Achieving Data Acumen for Big Open Data using Natural Language Processing (NLP) Model
Conference
65th ISI World Statistics Congress 2025
Format: CPS Abstract - WSC 2025
Keywords: #officialstatistics, artificial intelligence, big data, data-analysis, data-literacy
Session: CPS 55 - Public Engagement and Statistical Literacy
Monday 6 October 4 p.m. - 5 p.m. (Europe/Amsterdam)
Session: CPS 55 - Public Engagement and Statistical Literacy
Tuesday 7 October 4 p.m. - 5 p.m. (Europe/Amsterdam)
Session: CPS 55 - Public Engagement and Statistical Literacy
Tuesday 7 October 5:10 p.m. - 6:10 p.m. (Europe/Amsterdam)
Abstract
With modern-day advances in technologies, open data can be found and collected nearly everywhere. From various sources, such as social media, clinical notes, and web scraped data, including census and operational systems, big open data can be collected at regular and continuous intervals. Many agencies (individuals, government, and quasi-government) are involved in these important tasks of providing useful information to various data consumers. However, the beauty of reasonable cohesion has been deluded due to individual differences among the data producers, hence the need for strengthening and global consolidation of open data, for better understanding.
Open data refers to datasets related to climate, health, crime, migration, economy, etc. which are freely available for everyone to use and republish as they wish, without restrictions from any mechanisms of control. They should be machine-readable to enable their processes by computers and other digital instruments. Though, the importance of open data cannot be overemphasized in national and global developments, open data risks increasing the digital divide and social inequality unless it is rightfully handled. There is a clear and compelling case that data produced at public expense should be made open and freely available to the public advantage. However, simply declaring data sets to be open does not in itself make it of any practical use to the public unless it is truly available, and reasonable inference is made thereon.

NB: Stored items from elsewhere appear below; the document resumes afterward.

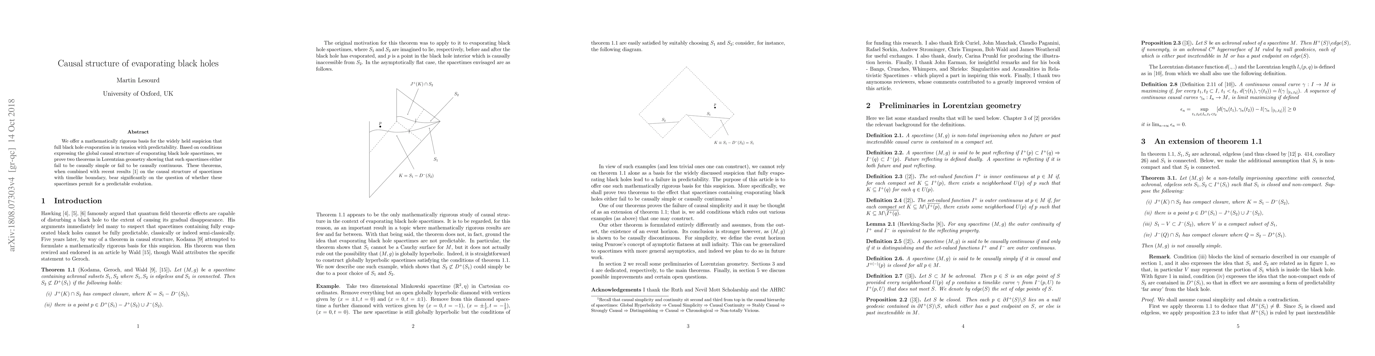 We offer a mathematically rigorous basis for the widely held suspicion that full black hole evaporation is in tension with predictability. Based on conditions expressing the global causal structure of evaporating black hole spacetimes, we prove two theorems in Lorentzian geometry showing that such spacetimes either fail to be causally simple or fail to be causally continuous. These theorems, when combined with recent results \cite{AM} on the causal structure of spacetimes with timelike boundary, bear significantly on the question of whether these spacetimes permit for a predictable evolution.
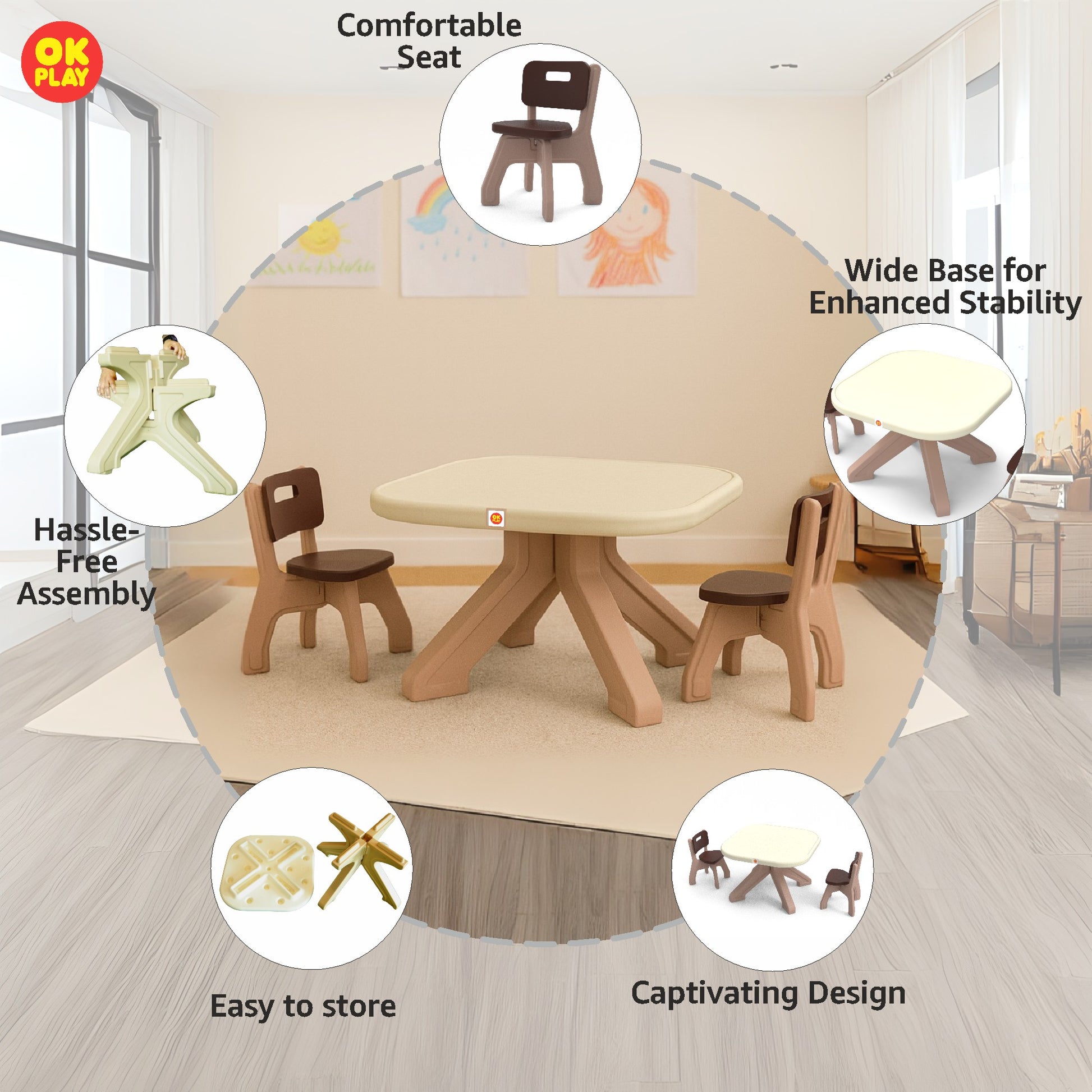 Give your little one a comfortable, safe, and engaging space to explore, learn, and play with the OK PLAY Table & Chair Set. Designed for kids aged 2 years and above, this set is ideal for studying, drawing, reading, and fun activities at home, school, or daycare.Made from premium-quality, durable, and non-toxic plastic, this set is designed with child-friendly, rounded edges for maximum safety. The ergonomically designed chairs provide proper back support, ensuring comfortable seating for long hours of use. The sturdy and spacious table offers plenty of room for multiple activities, fostering creativity and learning.Lightweight yet strong and stable, this set is easy to assemble, move, and store, making it ideal for both indoor and outdoor use. Its smooth surface makes cleaning effortless, ensuring a hygienic space for your child. Whether for study time, snack breaks, or playdates, the OK PLAY Table & Chair Set is a must-have addition to your child’s space, combining style, safety, and functionality.Let your child explore, learn, and grow with a versatile, durable, and thoughtfully designed table and chair set!
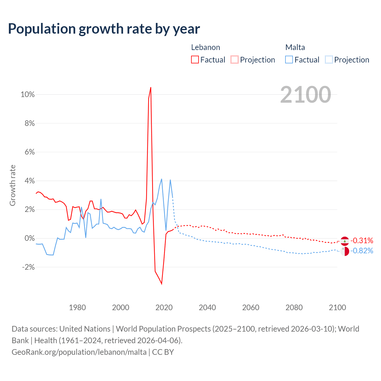 - For the last 10 years, Lebanon has had an average growth rate of +0.16% per year vs +2.69% in Malta.

In ameliorating the challenges of big open data acumen, data management, and data cleaning become essentially important steps before starting the data exploration and these can pose new challenges in data analysis. The use of digital tools is inevitable to cope with these challenges, thus this proposal has identified the importance of the Natural Language Processing (NLP) technique in exploring complex datasets, especially text-based big data, efficiently and adequately. The technique has been identified to assist in getting useful information from open data to provide competency in statistical literacy.